There are two possible reasons for this distribution. One reason is that Denisovan variants were segregating in East Asians for thousands of years, and a common bottleneck, or, more likely selection, drove them up in frequency. Another, not exclusive, explanation is that admixture occurred in East Asia relatively late. The Denisovan signature is totally absent in the New World. Either that’s selection or drift eliminating variation, or, it’s the fact that this admixture event happened in East Asia less than about 30,000 years ago when Native American populations’ East Asian-like source population began to divergence from that of East Asians.

One thing that we know from paleontology is that species exist before the remains we find, and persist after the remains we find. It’s quite possible that small relic populations of Denisovans persisted for thousands of years after modern humans came to dominate the East Asian landscape.

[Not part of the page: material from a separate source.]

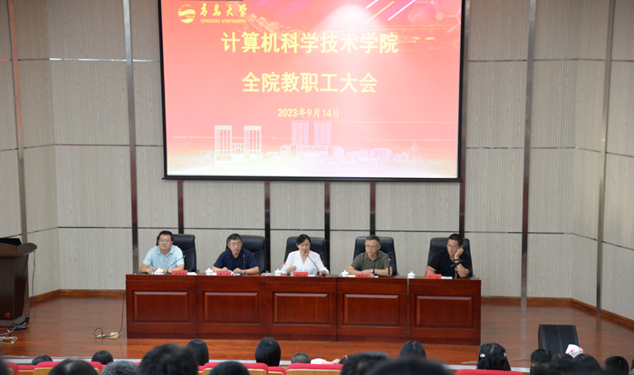 9月14日下午,草榴社区 在浮山校区会议中心305会议室召开2023年秋季学期全院教职工会议,传达学习学校2023年暑期中层干部学习研讨班会议精神,部署新学期工作。院党委书记潘秋鸿,院长郭振波,院党委副书记周鹏,副院长于佳、王国栋及学院全体教职工参加会议,会议由周鹏主持。

Good night Avicii, you lived before you died

Like many people I didn’t know much about Avicii when he was alive, though I know much more now that he has died. His stuff played while I was on the computer in the lab, or when I was working out. Avicii for me was the anti-Kardashian, as I had no idea who “he” (I wasn’t sure of gender though I assumed he was male)was, where he was from. He was just a DJ who made music, and I enjoyed the music. He wasn’t famous to me, but his music was famous.